When discussing speed of decision making, Dennett talks about returns of service in tennis being designed.  Which of course they are, but I had never equated a person working on a product - refining it, testing it, improving it - with an athlete practicing a particular move over and over again - refining it, testing it, improving it.  Like many good ideas (or perhaps successful memes) it's completely obvious when pointed out, and then you start to see the parallels everywhere.  The feeling you get when you're impressed by a good bit of design is very similar to that you have when you see a bit of sporting excellence.  So my delight at finding out that iPods pause if you accidently yank out the headphone cable is the same kind of experience as my joy at seeing Cristiano Ronaldo's backheeled goal against Aston Villa yesterday.  They both elicit an admiration of human intelligence and creativity, and, for me, a sense of pride at what humans are capable of.  

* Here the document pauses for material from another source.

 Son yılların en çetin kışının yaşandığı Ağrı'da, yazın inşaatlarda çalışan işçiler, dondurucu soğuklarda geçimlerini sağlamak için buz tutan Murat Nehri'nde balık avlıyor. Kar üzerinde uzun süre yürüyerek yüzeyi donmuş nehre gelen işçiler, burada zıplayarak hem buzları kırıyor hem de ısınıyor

Of course one might expect good design from these two sources.  I'm not a Manchester United fan, and my doses of astonishment and delight are much more frugally rationed by the sports team from my area.  Such is life.

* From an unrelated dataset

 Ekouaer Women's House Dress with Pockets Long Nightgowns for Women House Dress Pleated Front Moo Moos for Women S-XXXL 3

The other point that Dennett makes, citing Hume, is that morality is a kind of human technology.  Again, despite years of reading and thinking about this stuff, no way of looking at morality that I have come across has resonated quite so clearly as this idea.  Starting from evolved behaviour, and then refined, tested and improved by generations of humans, morality is something we make - for our own benefit as a social animal.  It doesn't come from any external source, and it doesn't need to in order to have meaning and force.  Dennett's book is essentially a plea to look at free will (and by extension morality) as something designed by humans, and also to ignore the claims of the transcendental - so that we do not view freedom and morality as unquestionable and untouchable externalities to our animal natures, but instead as something we make, something that improves, and something that we continue to try to perfect.  Keep the R&D rolling.  

Monday, March 10, 2008

You Won't Fall

Well, actually, you might.  

"Q: This job is unbelievable.
A: I know. I used to tell people at parties that I knock people over for a living and no one believed me. Every now and then, after a team meeting, I would be struck by how absurd it was that we'd just spent 30 minutes in a brainstorming session on new or better ways to make people fall down."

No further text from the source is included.